34 So. 2d 313 | Ala. | 1948
The appellees are substituted plaintiffs, as the heirs and administrator of L. M. Cooper, the original plaintiff, who died intestate after instituting this litigation to enforce a redemption in lands owned by his intestate father, W. P. Cooper, who predeceased L. M.
This is a second appeal and proceeds from the decree of the trial court overruling demurrer to the bill as last amended. The first appeal is reported in
The case made by the bill is: W. P. Cooper mortgaged the lands in 1934 to Robert Land, the mortgage maturing November 1, 1934. Default, however, was not declared at maturity of the debt by any proceedings to foreclose, and on October 28, 1937, the mortgagor, W. P. Cooper and wife, and Robert Land entered into a written contract (exhibited) to sell to Long-Bell Lumber Company 666,000 feet of timber for a cash consideration of $2,000, with an additional option of the lumber company to cut more timber at $3.00 a thousand feet.
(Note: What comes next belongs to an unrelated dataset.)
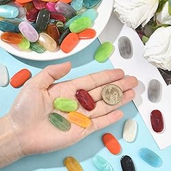 - SOFPLATE 1 Box about 100Pcs Acrylic Gemstone Beads Flat Gemstone Beads Bulk Loose Plastic Oval Opaque Colorful Imitation Stone Spacers for Jewelry Making Findings Bracelet DIY Crafts Beginners Adults Brand: SOFPLATE Material: Acrylic Color: Colorful Usage: For Jewelry Making Findings Bracelet Neckalce Beginner Adults Feature: 100Pcs acrylic gemstone beads: A box comes with approximately 100pcs of acrylic gemstone beads, with colors randomly sent. This generous amount is perfect for various jewelry making projects, allowing you to create multiple pieces without the hassle of constantly restocking Flat gemstone beads design: These flat, oval shaped beads feature an opaque, colorful imitation stone look. The unique design adds a touch of elegance and charm to your jewelry creations. Whether for a bracelet or other jewelry items, they stand out as eye catching spacers Size: Our acrylic gemstone beads is about 29 x 16 x 4mm(1.14 x 0.63 x 0.16 inch), hole: 1.5mm. Come with cardboard box x 1pc Excellent material: Made from high quality acrylic, these beads are durable, lightweight, and not easy to fade. They can endure daily wear and tear, ensuring your handmade jewelry remains beautiful over time Versatile usage: Perfect for a wide range of jewelry making and DIY crafts. Use them to create stunning bracelets, necklaces, or even embellish other craft projects. Their versatility makes them a must have for both beginners exploring their creativity and adults looking for new crafting ideas

The $2,000 was paid to Land on the mortgage debt and the contract provided that should the company exercise its option to cut the additional footage, the first $700, with interest from the date of the contract, accruing from the additional cutting should be paid to Land in satisfaction of the balance of his mortgage debt and the remaining accruals should thereafter be paid to W. P. Cooper. The option of the lumber company to harvest the additional timber was for a period of five years from the date of the contract, October 28, 1937, and the timber contract, as averred, "was entered into at the request of respondent, Robert Land, for the purpose of paying and satisfying the said mortgage indebtedness and for the further purpose of arriving at and agreeing upon the balance due on said indebtedness by the said W. P. Cooper * * * the maturity date of said mortgage was on said date, to-wit, October 28, 1937, extended by the respondent, Robert Land, for five years from October 28, 1937 * * * and that the respondent, Robert Land, did on said date, to-wit, October 28, 1937, agree with W. P. Cooper not to foreclose said mortgage until five years from said date * * *."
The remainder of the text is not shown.